RECORDS FOR THIS TASK –
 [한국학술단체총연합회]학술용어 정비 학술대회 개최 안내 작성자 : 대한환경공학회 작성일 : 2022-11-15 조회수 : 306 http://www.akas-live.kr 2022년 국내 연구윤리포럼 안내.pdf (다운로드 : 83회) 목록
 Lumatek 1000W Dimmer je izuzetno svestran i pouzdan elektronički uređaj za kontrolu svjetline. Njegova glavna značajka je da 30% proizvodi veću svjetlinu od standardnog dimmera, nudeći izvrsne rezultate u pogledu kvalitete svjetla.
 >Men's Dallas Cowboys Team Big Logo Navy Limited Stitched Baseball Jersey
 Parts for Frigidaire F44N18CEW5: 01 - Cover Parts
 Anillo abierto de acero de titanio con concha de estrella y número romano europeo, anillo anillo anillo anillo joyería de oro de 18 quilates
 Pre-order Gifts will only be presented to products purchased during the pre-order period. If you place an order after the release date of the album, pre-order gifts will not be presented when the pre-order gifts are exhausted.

---

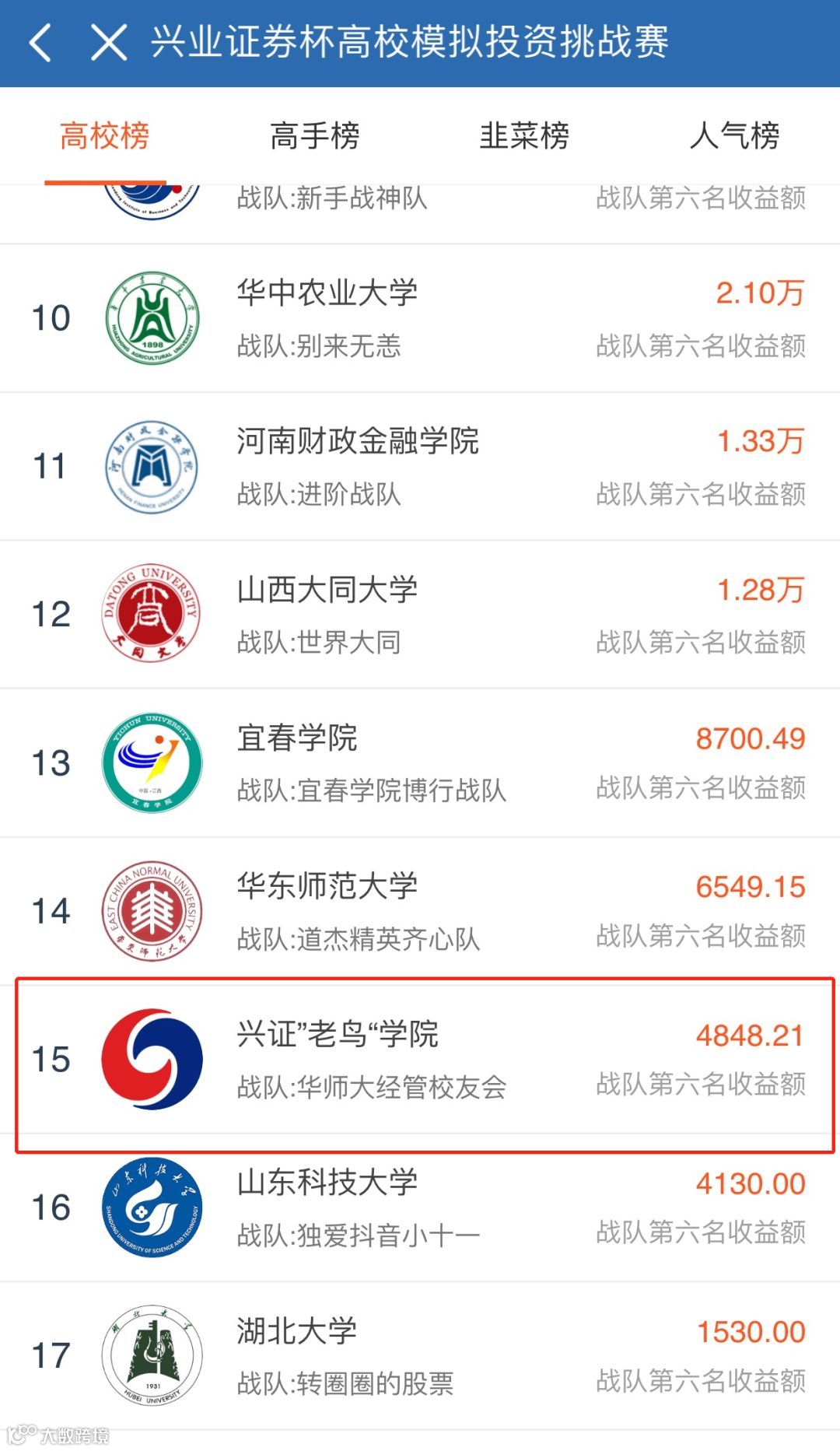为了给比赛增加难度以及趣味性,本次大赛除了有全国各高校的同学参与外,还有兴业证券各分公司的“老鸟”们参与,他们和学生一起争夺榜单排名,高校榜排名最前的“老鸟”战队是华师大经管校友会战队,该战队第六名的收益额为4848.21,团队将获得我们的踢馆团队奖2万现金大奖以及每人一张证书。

INSTRUCTIONS FOR THE TASK –
Give back the records above exactly, limited to the lines between the one holding "[한국학술단체총연합회]학술용어 정비 학술대회" and the one holding "Anillo abierto de", inclusive.

SOLUTION TO THIS TASK –
 [한국학술단체총연합회]학술용어 정비 학술대회 개최 안내 작성자 : 대한환경공학회 작성일 : 2022-11-15 조회수 : 306 http://www.akas-live.kr 2022년 국내 연구윤리포럼 안내.pdf (다운로드 : 83회) 목록
 Lumatek 1000W Dimmer je izuzetno svestran i pouzdan elektronički uređaj za kontrolu svjetline. Njegova glavna značajka je da 30% proizvodi veću svjetlinu od standardnog dimmera, nudeći izvrsne rezultate u pogledu kvalitete svjetla.
 >Men's Dallas Cowboys Team Big Logo Navy Limited Stitched Baseball Jersey
 Parts for Frigidaire F44N18CEW5: 01 - Cover Parts
 Anillo abierto de acero de titanio con concha de estrella y número romano europeo, anillo anillo anillo anillo joyería de oro de 18 quilates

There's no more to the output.